If boot_transformers itself disagrees with HF on the same model, the issue is upstream of your adapter (probably a _HF_PASSTHROUGH_ATTRS gap in transformer_lens/model_bridge/sources/_bridge_builder.py, or a non-standard HF config attribute that the adapter never propagated onto self.cfg). HF raw config attributes are invisible to TL-side consumers unless explicitly mirrored. Common attributes that need propagation: final_logit_softcapping (Gemma2/3), attn_logit_softcapping (Gemma2/3), query_pre_attn_scalar (Gemma2/3), sliding_window (Mistral, Qwen2, Gemma2), layer_types (hybrid models), and non-standard RMSNorm eps attribute names (Llama uses variance_epsilon).
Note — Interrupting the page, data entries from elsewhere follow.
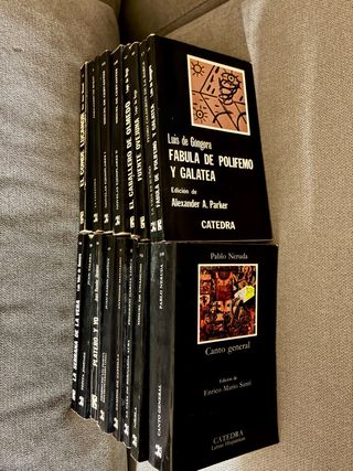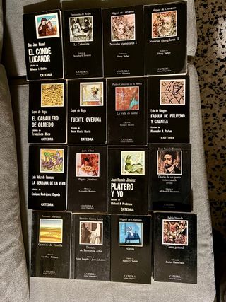 Colección clásicos historicos de la editorial Cátedra. Lote indivisible. 1. Don Juan Manuel – El conde Lucanor 2. Fernando de Rojas – La Celestina 3. Cervantes – Novelas ejemplares I 4. Cervantes – Nov. ejemplares II 5. Lope – El caballero de Olmedo 6. Lope – Fuenteovejuna 7. Calderón – La vida es sueño 8. Góngora – Fábula de Polifemo y Galatea 9. Vélez de Guevara – La serrana de la Vera 10. Juan Valera – Pepita Jiménez 11. Juan Ramón Jiménez – Platero y yo 12. J.R. Jiménez – Diario de un poeta recién casado 13. Antonio Machado – Campos de Castilla 14. Lorca – La casa de Bernarda Alba 15. Unamuno – Niebla 16. Neruda – Canto General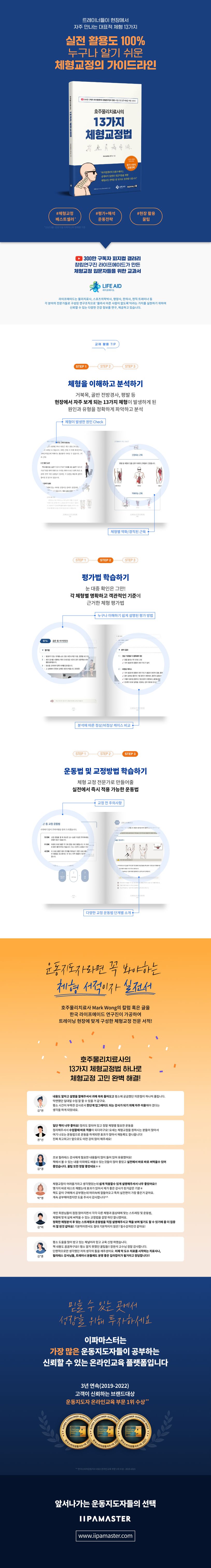 호주물리치료사의 13가지 체형교정법은 300만 구독자를 보유한 헬스 건강정보 인기 유튜브 채널 피지컬갤러리의 재활 컨텐츠 연구조직 라이프에이드가 운동지도자들을 위해 집필한 체형교정 교과서입니다.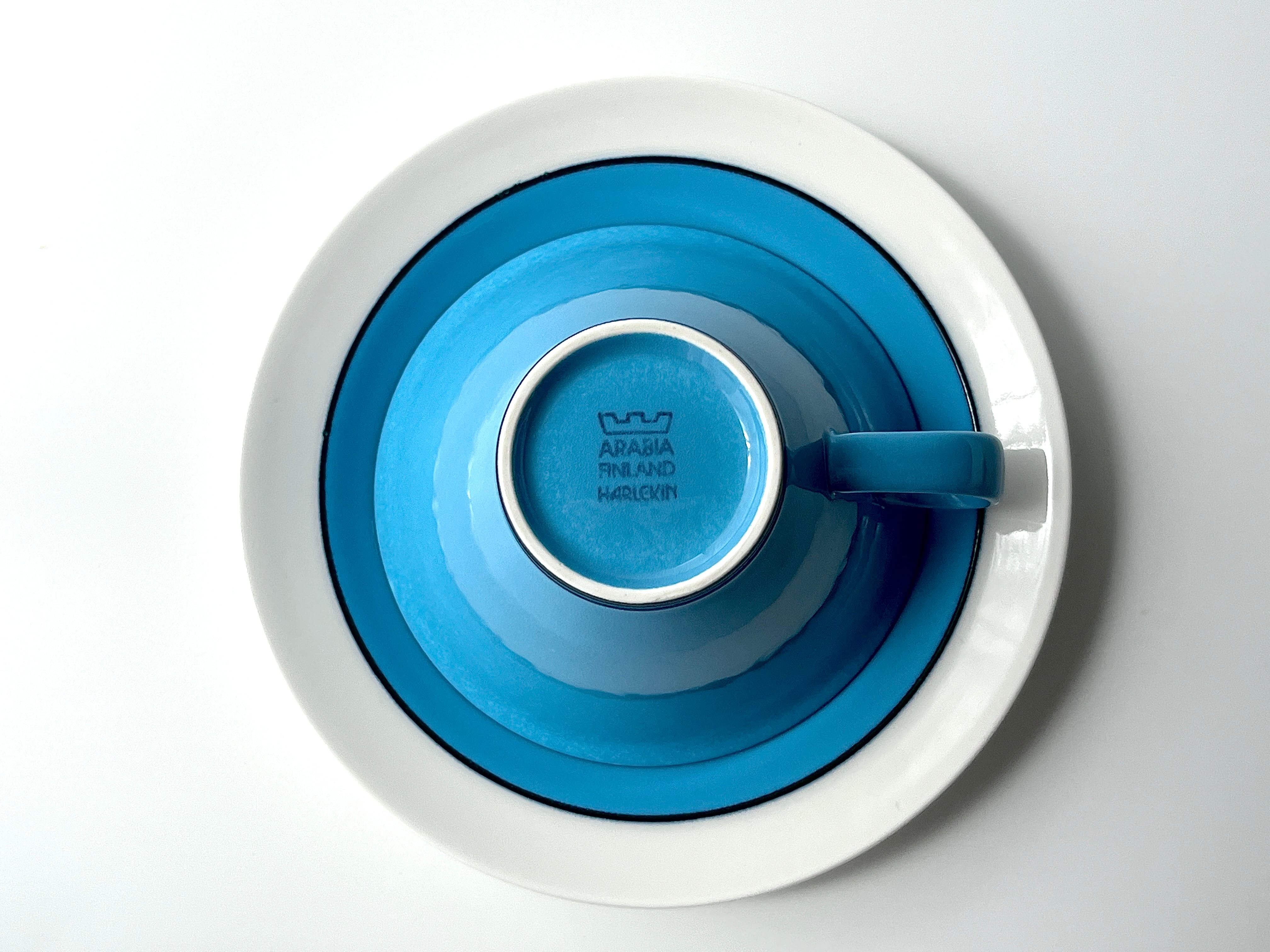 【ARABIA】Harlekin turquoise ヴィンテージ ティーカップ&ソーサー(A)・アラビア ハレキン ターコイズ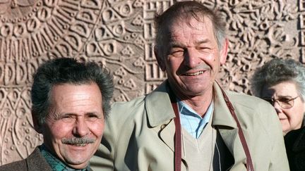 Gabriel Thiennot (à gauche) et Raymond Mis (à droite),le 16 décembre 1988. (JEAN-MARIE HURON / AFP)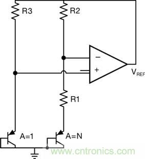 電阻器R2和R3分別可確定通過(guò)Q1和Q2 的電流值。R2和R3的變化可導(dǎo)致參考電壓(公式5)的正溫度系數(shù)不準(zhǔn)確。不過(guò),可通過(guò)對(duì)電阻器R2與R3進(jìn)行良好匹配來(lái)降低該變化所引起的誤差。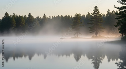Fototapeta premium Early morning mist hangs over a serene lake with reflections of the trees and...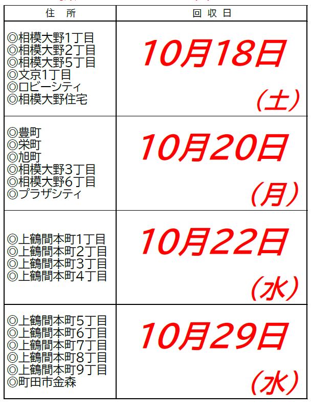 • お住いのご住所ごとに、回収日が異なりますのでご確認のうえ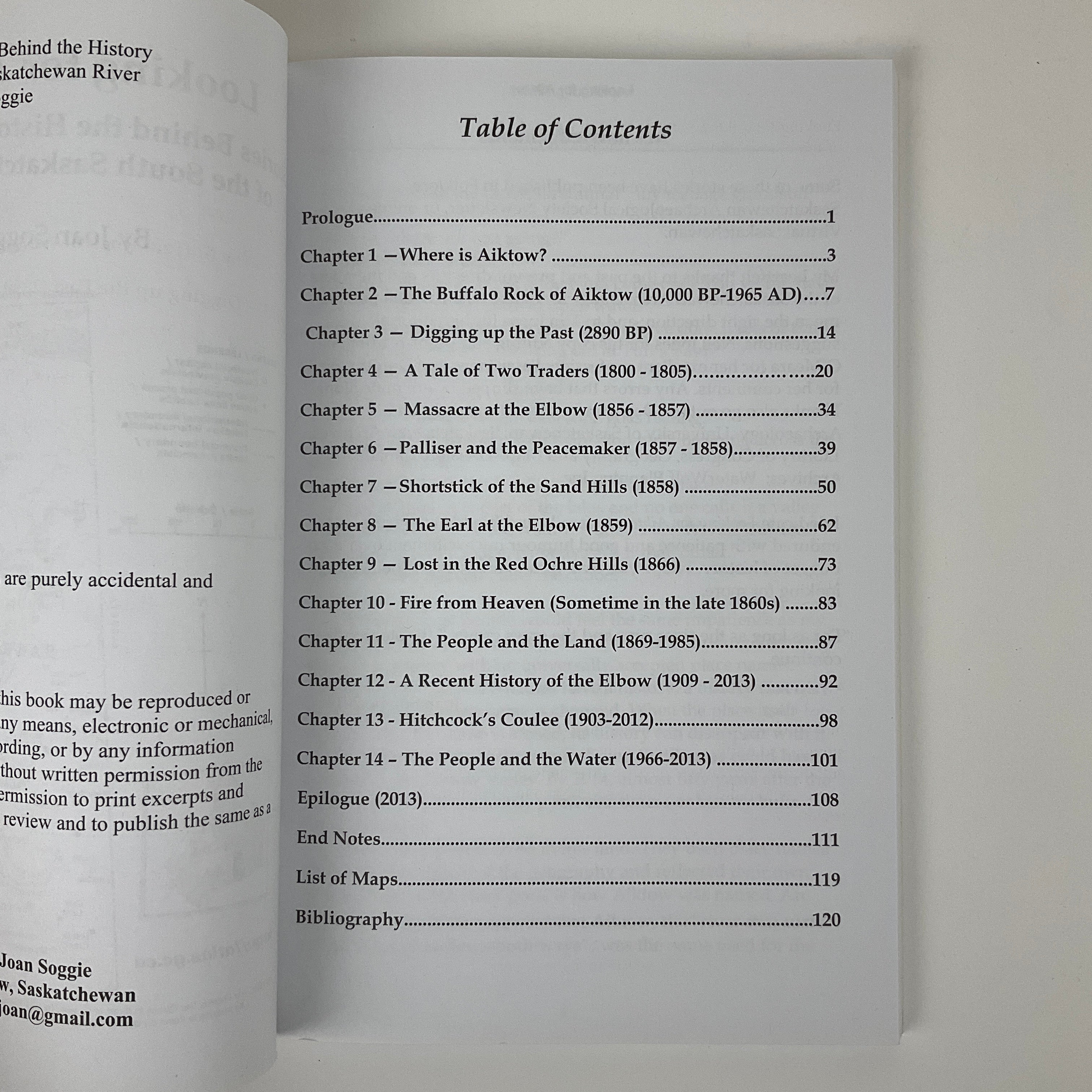 Joan Soggie is a Saskatchewan author who has written two historical works concerning her home community of Elbow (in Cree, "Aiktow") and one novel set on the prairies. In “Looking for Aiktow,” Soggie traces the comings and goings of people through the Aiktow Valley (now submerged beneath Lake Diefenbaker), particularly in the past 200 years. Each of the volume’s chapters addresses a particular time period, figure, or event, crafting a broad historical picture with self-contained vignettes. From clashes between Cree and Blackfoot groups in the 1850s to Elbow’s evolution from a farming community to a tourist destination in the late 1900s, Soggie chronicles the changes and challenges faced by Indigenous and immigrant peoples in the area over time. Includes endnotes and bibliography.

5. Bisecting verify_models phase failures

verify_models reports phase-by-phase. Map the failing phase to the bisection focus:

Phase

What failed

Start here

1

Forward correctness vs HF

Steps 1–4 above; this is the standard parity workflow

2

Hook firing / gradient flow

The hook isn’t registered, or it’s firing on a tensor that’s been replaced (in-place op). Grep adapter for in-place ops on hookable tensors.

3

Weight processing

Run with no_processing=True to isolate. Then bisect compat-mode flags per §3 above.

4

Text-generation quality

Usually tokenizer policy: default_prepend_bos, padding side, EOS handling, chat-template wiring. Tokenizer behaviour is per-model, not per-architecture — check the target’s tokenizer_config.json, don’t inherit from a sibling. Less often, a generation-loop divergence; rerun with --no-ht-reference to skip HT comparison.

7

Multimodal alignment

Vision encoder output drift or projection mismatch. Llava / Gemma3-multimodal only.

8

Audio

HuBERT only; check CTC head and audio-feature alignment.
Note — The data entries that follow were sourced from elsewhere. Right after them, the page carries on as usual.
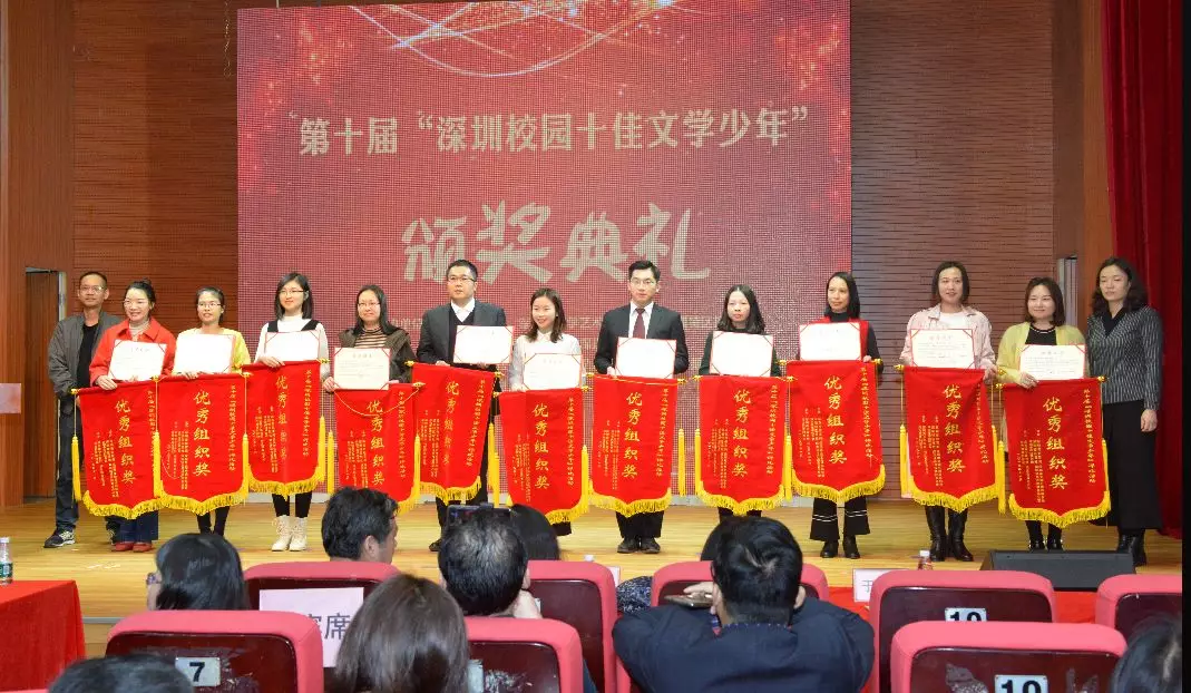 活動還揭曉了“十佳文學(xué)少年提名獎”“優(yōu)秀文學(xué)少年”“優(yōu)秀輔導(dǎo)老師獎”和“優(yōu)秀組織獎”的獲獎個人及學(xué)校。深圳市羅湖區(qū)錦田小學(xué)陳彥竹等10名學(xué)生獲評“十佳文學(xué)少年提名獎”,深圳小學(xué)劉子媛等80名學(xué)生獲評“優(yōu)秀文學(xué)少年”,深圳市福田區(qū)僑香外國語學(xué)校吳書華等89名教師榮獲“優(yōu)秀輔導(dǎo)老師獎”,深圳高級中學(xué)(北校區(qū))等35所學(xué)校獲得“優(yōu)秀組織獎”。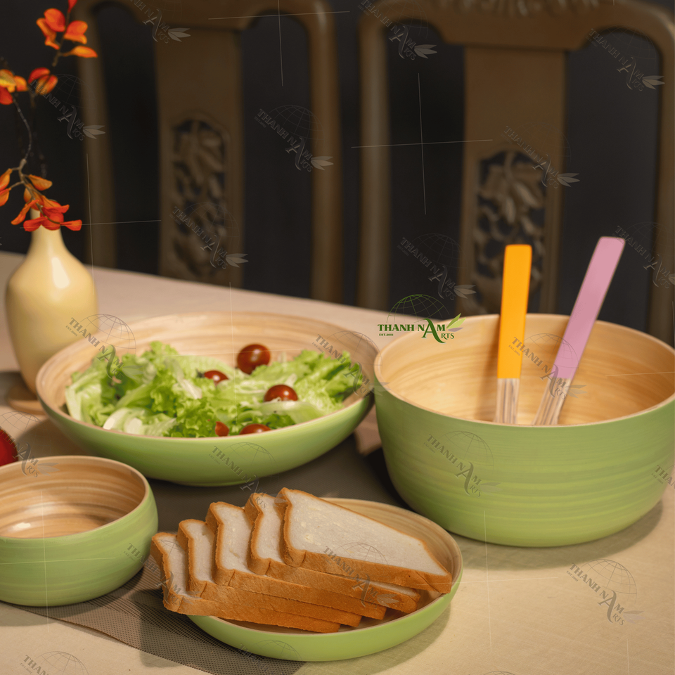 ชามไม้ไผ่ออร์แกนิคแบบปรับแต่งได้เครื่องใช้บนโต๊ะอาหารเป็นมิตรต่อสิ่งแวดล้อมสำหรับซุปสลัดและบะหมี่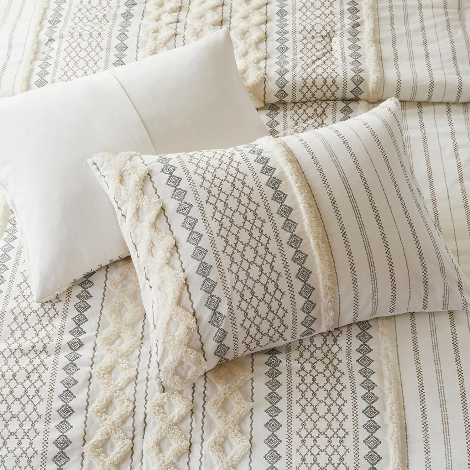INK+IVY Comforter for Queen Size Bed, Chenille Tufted, Breathable Cotton Comforter Set Queen, All Season Modern Boho Comforter with Farmhouse Bedding Flare, 2 Matching Shams, Queen Ivory 3 Piece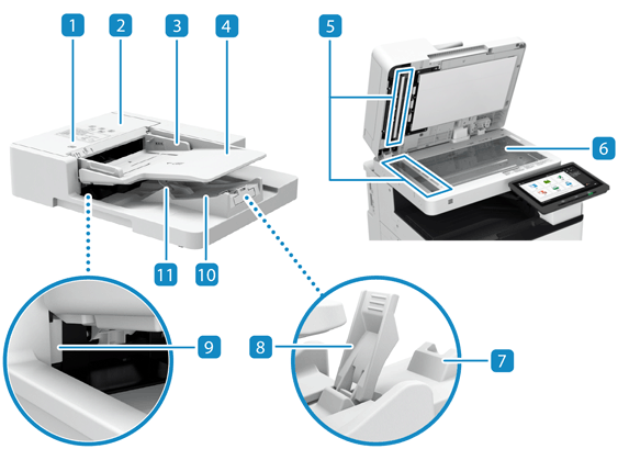 Hier geplaatste originelen worden automatisch in de aanvoer ingevoerd. Wanneer u twee of meer vellen plaatst, kunnen originelen achter elkaar worden gescand.

6. What “fp noise” actually looks like

Empirically, in this codebase:

  • fp32, eager attention, single forward: HF vs Bridge max-abs diff is typically < 5e-5. Anything ≥ 1e-4 is suspicious.

  • bf16, eager: < 1e-2 is the noise floor.

  • fp32, sdpa: < 5e-4 due to sdpa’s internal reductions. Use eager for parity tests.

If you suspect noise, the cheap proof is to run fp64: dtype=torch.float64 on both sides. If the diff stays the same magnitude, it’s a bug. If it drops by ~8 orders of magnitude, it was noise. See the numerical-work conventions in contributing.md for more context on why this check is worth running.

7. Tooling

  • make integration-test PYTEST_ADDOPTS="-k <arch> -s" — focused run with stdout.

  • transformer_lens/scratch.py (gitignored) — drop one-off bisection scripts here without polluting git status.

  • .adapter-workspace/ (gitignored) — sibling directory for WIP adapter notes / repros.

  • bridge.run_with_cache(ids) — returns (logits, cache); cache["blocks.{i}.hook_resid_post"] is the easiest path to per-layer diffs.


If you exhaust this guide and still can’t localize the bug, the failure pattern is worth adding to §2 above so the next contributor doesn’t repeat the bisection.